At the end of last week, U.S. Rep. Debbie Mucarsel-Powell, D-Fla., sent a letter to Gov. Ron DeSantis following up on prior inquiries on the state’s contact tracing workforce.
This letter follows reports that after some stalls and delays, the state and county have come to an agreement that will begin the process of hiring 250-450 contact tracers in Miami-Dade.
According to public health experts from the Association of State and Territorial Health Officials (ASTHO) and the National Association of County and City Health Officials (NACCHO), Miami Dade will need more than 10,600 contact tracers alone to respond to the current spread of the virus in Miami-Dade County.
“Based on this latest hiring, the county’s yet-to-be-hired 250-450 contact tracers would only meet 4 percent of the needed tracing workforce to effectively track the virus,” the congresswoman’s office insisted.

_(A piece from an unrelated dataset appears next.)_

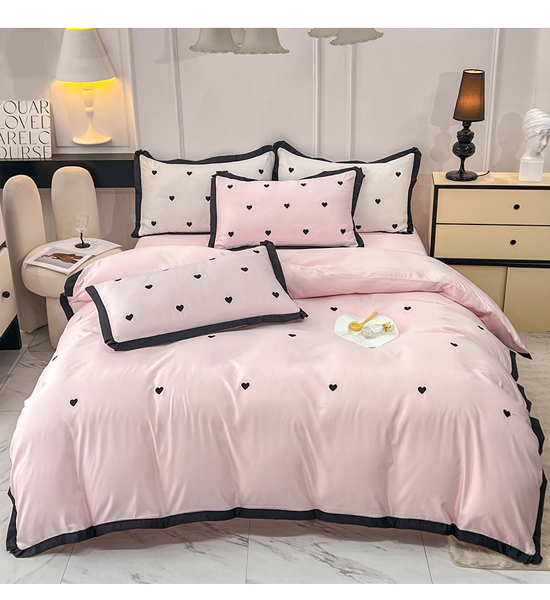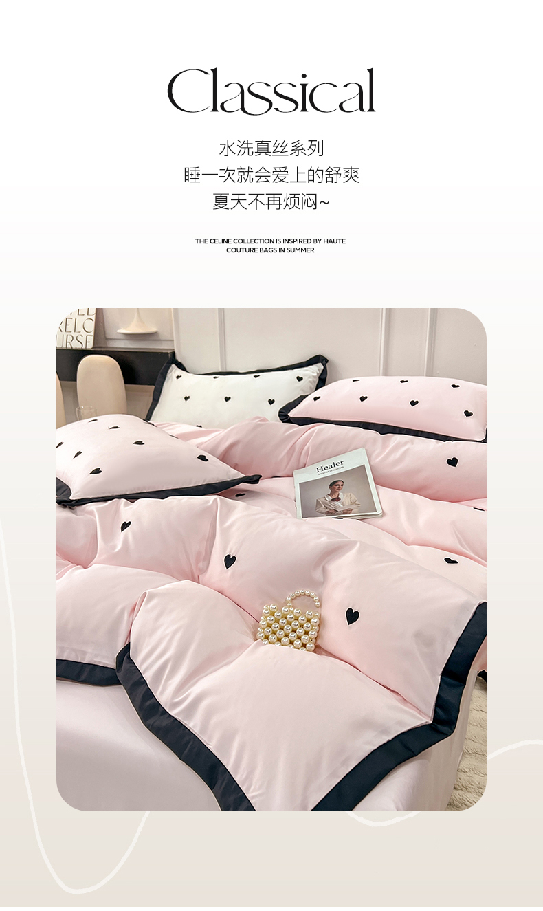 艾米家居 2025新款水洗真丝四件套爱心款 黑色爱心款-粉色

On June 8, Mucarsel-Powell sent a letter to DeSantis outlining steps that the state of Florida and local municipalities must address as communities ease COVID-19 precautions, starting with contact tracing.
The letter is below.
Dear Governor DeSantis:
I write to you today to once again inquire upon the status of Florida’s contact tracing workforce. Recent reports indicate that after significant delays, the state has agreed to supply a further 250 contact tracers to Miami-Dade through the end of the year. Based on the latest estimates, the county would have approximately 450 contact tracers through 2020.
This total falls monumentally short of the amount of tracers needed to respond to the current crisis in Miami-Dade County. According to public health experts from the Association of State and Territorial Health Officials (ASTHO) and the National Association of County and City Health Officials (NACCHO), the county will need over 10,600 contact tracers alone to respond to the current spread of the virus in Miami-Dade County. Based on this latest hiring, the county would only meet 4.2 percent of the needed tracing workforce to effectively contain the virus.
As you know, contact tracing is a thorough process that requires each tracer to spend significant time speaking with each confirmed case, subsequent calls with each case’s contact, and regular follow-up with every confirmed case and those who were potentially exposed. With Miami-Dade regularly reporting over 2,000 cases daily, 450 tracers falls far short of the local need.
Without a vaccine or therapeutic, we cannot effectively contain this virus without a robust public health infrastructure to test all symptomatic cases, trace and test their contacts, comfortably quarantine positive cases, and require the widespread use of masks. However, on all fronts our state’s response is lacking. I urge you to treat this situation with the urgency it requires and immediately hire more tracers needed to curb the spread of the virus in South Florida.